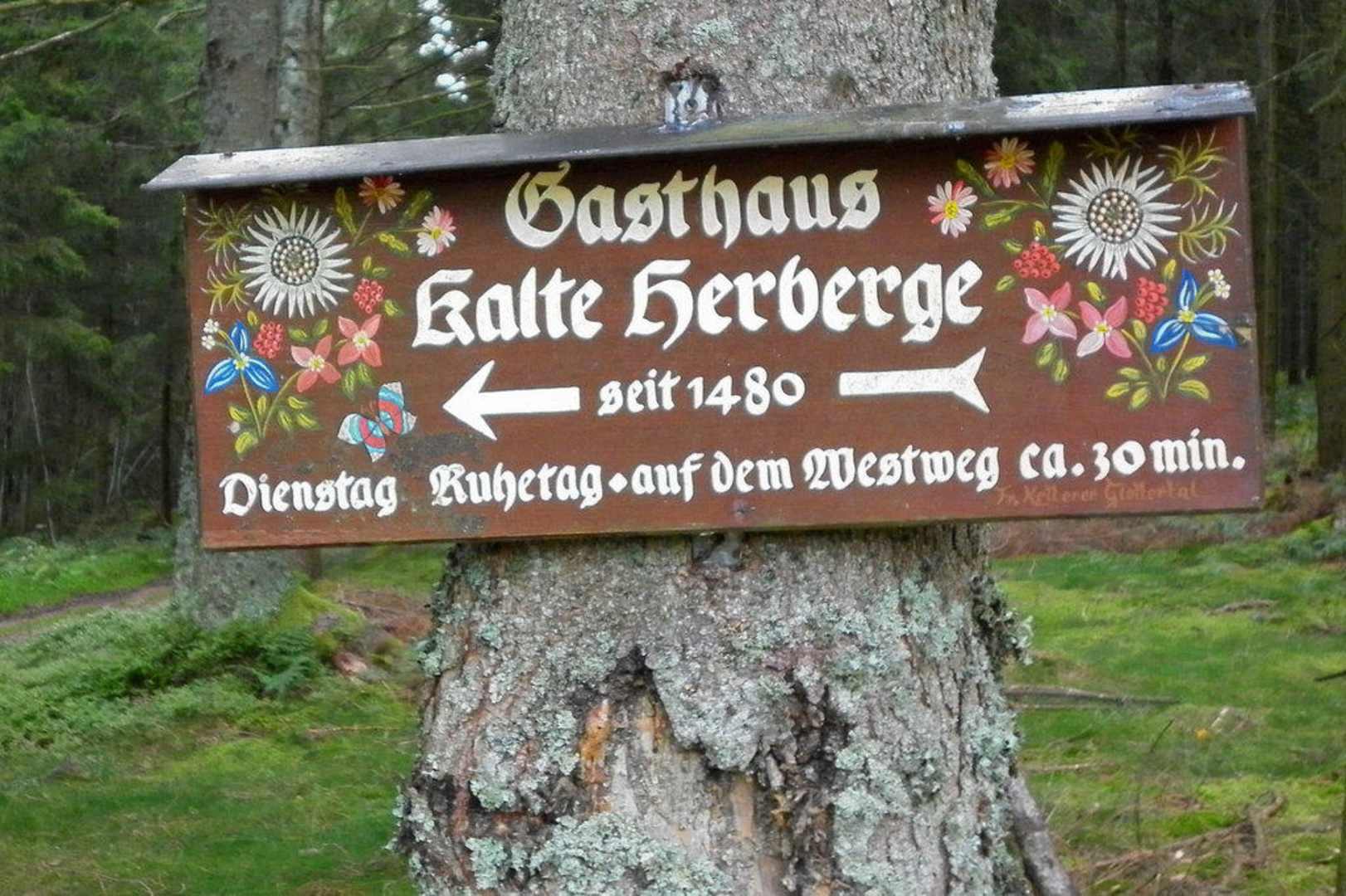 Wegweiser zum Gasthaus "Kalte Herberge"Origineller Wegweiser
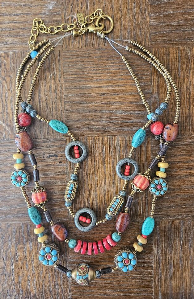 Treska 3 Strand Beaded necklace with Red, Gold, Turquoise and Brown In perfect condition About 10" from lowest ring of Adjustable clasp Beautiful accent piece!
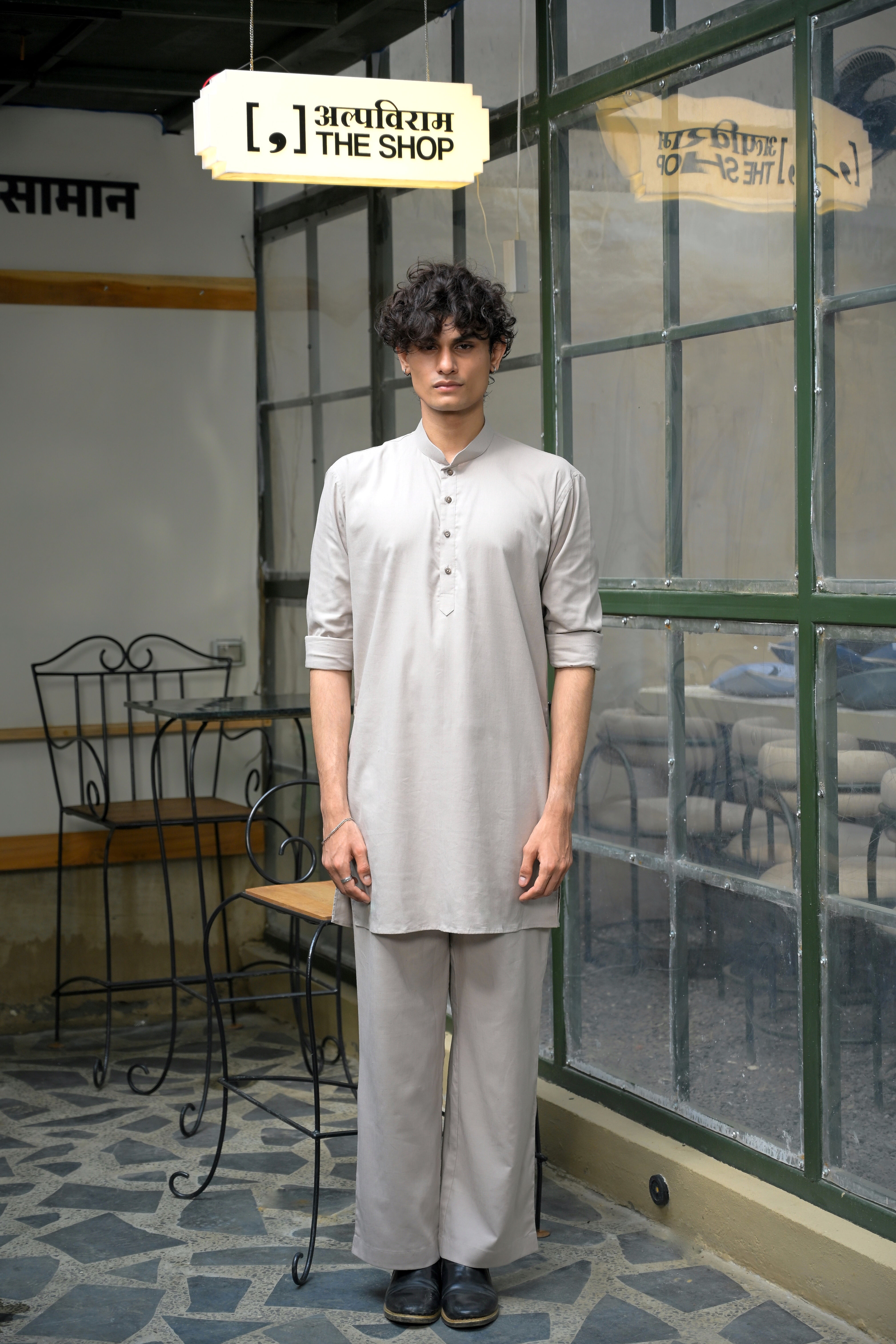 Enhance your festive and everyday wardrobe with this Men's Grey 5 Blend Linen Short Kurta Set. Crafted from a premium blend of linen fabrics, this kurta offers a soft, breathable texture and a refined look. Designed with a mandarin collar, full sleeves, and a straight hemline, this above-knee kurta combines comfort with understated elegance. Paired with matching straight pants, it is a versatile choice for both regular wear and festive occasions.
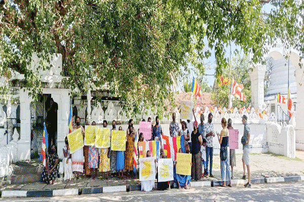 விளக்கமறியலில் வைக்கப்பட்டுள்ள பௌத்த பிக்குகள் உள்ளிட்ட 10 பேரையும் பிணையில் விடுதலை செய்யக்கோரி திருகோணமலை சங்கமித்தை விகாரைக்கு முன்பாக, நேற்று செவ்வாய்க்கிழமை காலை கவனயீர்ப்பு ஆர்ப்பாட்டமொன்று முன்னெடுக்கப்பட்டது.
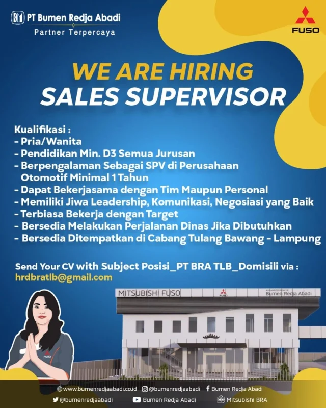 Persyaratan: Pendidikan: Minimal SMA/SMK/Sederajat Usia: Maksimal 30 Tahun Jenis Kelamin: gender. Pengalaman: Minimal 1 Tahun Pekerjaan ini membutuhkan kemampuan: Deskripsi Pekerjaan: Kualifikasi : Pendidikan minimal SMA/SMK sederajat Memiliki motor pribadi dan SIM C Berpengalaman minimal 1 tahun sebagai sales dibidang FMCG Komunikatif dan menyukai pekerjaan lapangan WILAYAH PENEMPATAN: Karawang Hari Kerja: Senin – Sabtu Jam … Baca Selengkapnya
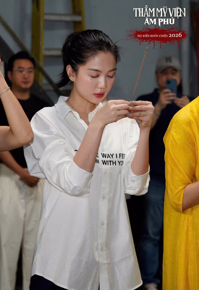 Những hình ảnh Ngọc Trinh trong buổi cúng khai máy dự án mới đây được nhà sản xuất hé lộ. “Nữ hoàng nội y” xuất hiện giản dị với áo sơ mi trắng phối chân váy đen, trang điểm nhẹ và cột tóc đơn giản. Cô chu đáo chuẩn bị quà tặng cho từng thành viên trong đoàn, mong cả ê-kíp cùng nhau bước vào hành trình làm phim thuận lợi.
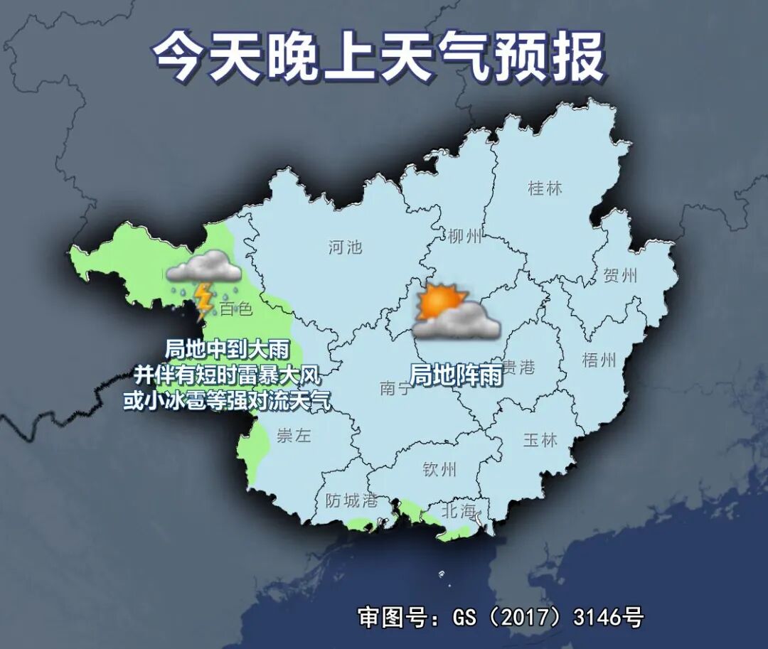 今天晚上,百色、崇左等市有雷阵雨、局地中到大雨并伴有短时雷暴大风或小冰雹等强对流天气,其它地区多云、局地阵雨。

DIRECTIONS FOR THIS TASK – All of the data above should be transcribed verbatim, with pictures omitted.

TASK RESULT –
 Wegweiser zum Gasthaus "Kalte Herberge"Origineller Wegweiser
 Treska 3 Strand Beaded necklace with Red, Gold, Turquoise and Brown In perfect condition About 10" from lowest ring of Adjustable clasp Beautiful accent piece!
 Enhance your festive and everyday wardrobe with this Men's Grey 5 Blend Linen Short Kurta Set. Crafted from a premium blend of linen fabrics, this kurta offers a soft, breathable texture and a refined look. Designed with a mandarin collar, full sleeves, and a straight hemline, this above-knee kurta combines comfort with understated elegance. Paired with matching straight pants, it is a versatile choice for both regular wear and festive occasions.
 விளக்கமறியலில் வைக்கப்பட்டுள்ள பௌத்த பிக்குகள் உள்ளிட்ட 10 பேரையும் பிணையில் விடுதலை செய்யக்கோரி திருகோணமலை சங்கமித்தை விகாரைக்கு முன்பாக, நேற்று செவ்வாய்க்கிழமை காலை கவனயீர்ப்பு ஆர்ப்பாட்டமொன்று முன்னெடுக்கப்பட்டது.
 Persyaratan: Pendidikan: Minimal SMA/SMK/Sederajat Usia: Maksimal 30 Tahun Jenis Kelamin: gender. Pengalaman: Minimal 1 Tahun Pekerjaan ini membutuhkan kemampuan: Deskripsi Pekerjaan: Kualifikasi : Pendidikan minimal SMA/SMK sederajat Memiliki motor pribadi dan SIM C Berpengalaman minimal 1 tahun sebagai sales dibidang FMCG Komunikatif dan menyukai pekerjaan lapangan WILAYAH PENEMPATAN: Karawang Hari Kerja: Senin – Sabtu Jam … Baca Selengkapnya
 Những hình ảnh Ngọc Trinh trong buổi cúng khai máy dự án mới đây được nhà sản xuất hé lộ. “Nữ hoàng nội y” xuất hiện giản dị với áo sơ mi trắng phối chân váy đen, trang điểm nhẹ và cột tóc đơn giản. Cô chu đáo chuẩn bị quà tặng cho từng thành viên trong đoàn, mong cả ê-kíp cùng nhau bước vào hành trình làm phim thuận lợi.
 今天晚上,百色、崇左等市有雷阵雨、局地中到大雨并伴有短时雷暴大风或小冰雹等强对流天气,其它地区多云、局地阵雨。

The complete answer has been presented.